Quick Data Import#

OpenMLDB comes in two versions: Standalone and Cluster. In the standalone version, data is exclusively stored in memory, and data import is limited to the use of the LOAD DATA command. In the cluster version, data can be stored separately on both offline and online platforms, with no sharing of data between the two.

This article focuses on data import methods in the cluster version.

Data Import in Cluster Version#

Offline Import( LOAD DATA#

  • OpenMLDB itself does not provide an offline storage engine, but it requires specifying the address for offline storage. This is done by modifying the taskmanager configuration offline.data.prefix, which can point to various storage media such as local directories, HDFS, S3, and others.

  • There is only one data import method available: Executing LOAD DATA in offline mode. The default method is hard copy import.

  • By default, OpenMLDB copies the source data to the offline.data.prefix directory. Supported file formats for reading include CSV and Parquet.
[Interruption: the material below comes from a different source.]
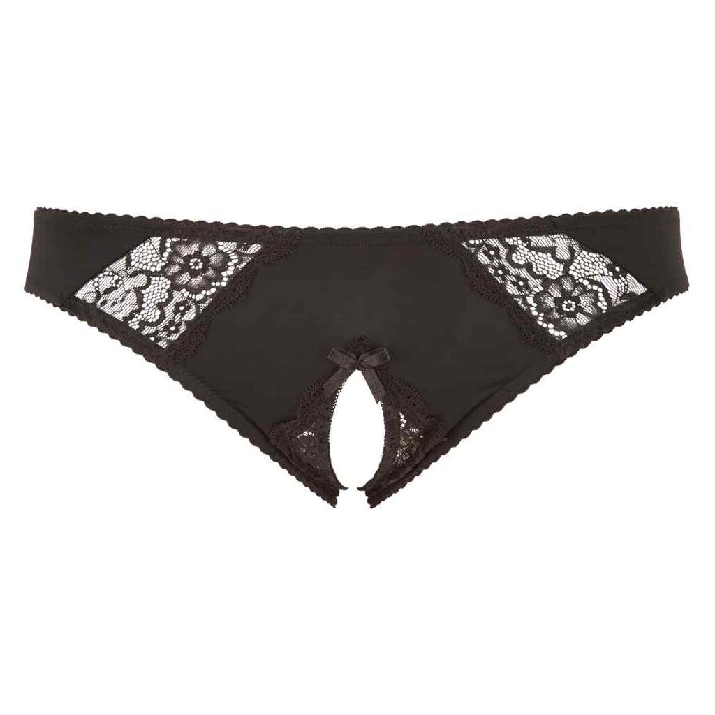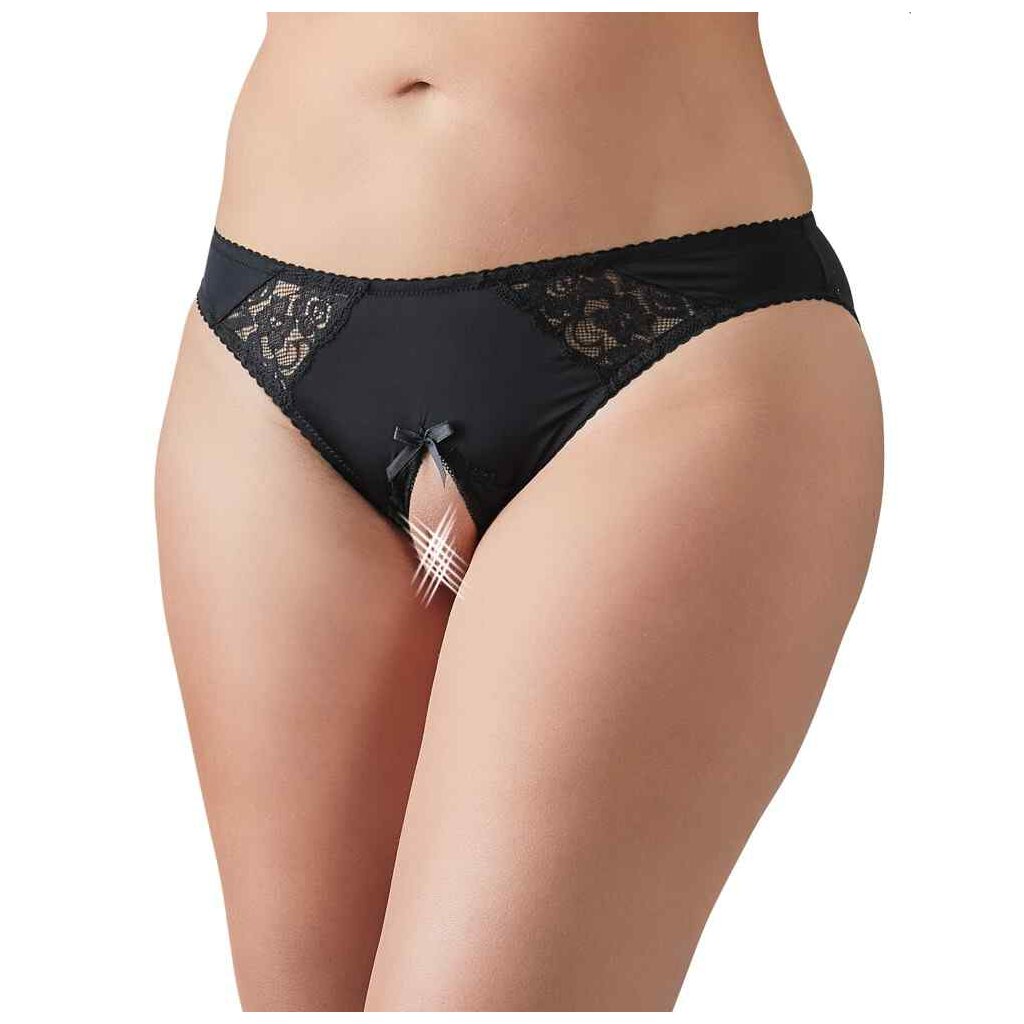 Absolut verführerisch! Passformsicherer Slip mit elastischen Spitzeneinsätzen vorne. Der einladend offene Schritt wird mit einer frechen Zierschleife akzentuiert.

  • LOAD DATA also supports a soft link mode, which can be configured using the deep_copy=false option. When importing soft links, only the source data address is recorded in the OpenMLDB table information, and no hard copy is created. This mode also supports two file formats: CSV and Parquet.

Note

If the offline data address of the table is a soft link, OpenMLDB does not support appending data to the offline storage of the table. This limitation arises because OpenMLDB lacks the authorization to modify data within the soft link directory. OpenMLDB exclusively supports overwriting the offline data address of the table. When overwritten, the data in the original soft link directory will not be deleted; only the soft link will be discarded.

Online Import#

The online mode of the OpenMLDB cluster version incorporates a self-built online storage engine, which is memory-based. Consequently, online data import is only hard copy.

LOAD DATA#

To perform online data import, execute the LOAD DATA Command in either Online Preview Mode or Online Request Mode. This process supports reading files in CSV and Parquet formats.

Stream Import#

OpenMLDB offers support for online data import from sources such as Pulsar, Kafka, and RocketMQ, with details outlined in:

In Addition#

The OpenMLDB openmldb-import tool offers a bulk load import method that enables swift data import into online storage for both standalone and clustered versions.

The tool is currently in the development phase and thus comes with several limitations, including:

  1. It only supports the import of multiple local CSV files.

  2. The tool supports only standalone operation and requires high memory resources, potentially exceeding the “total amount of imported data.”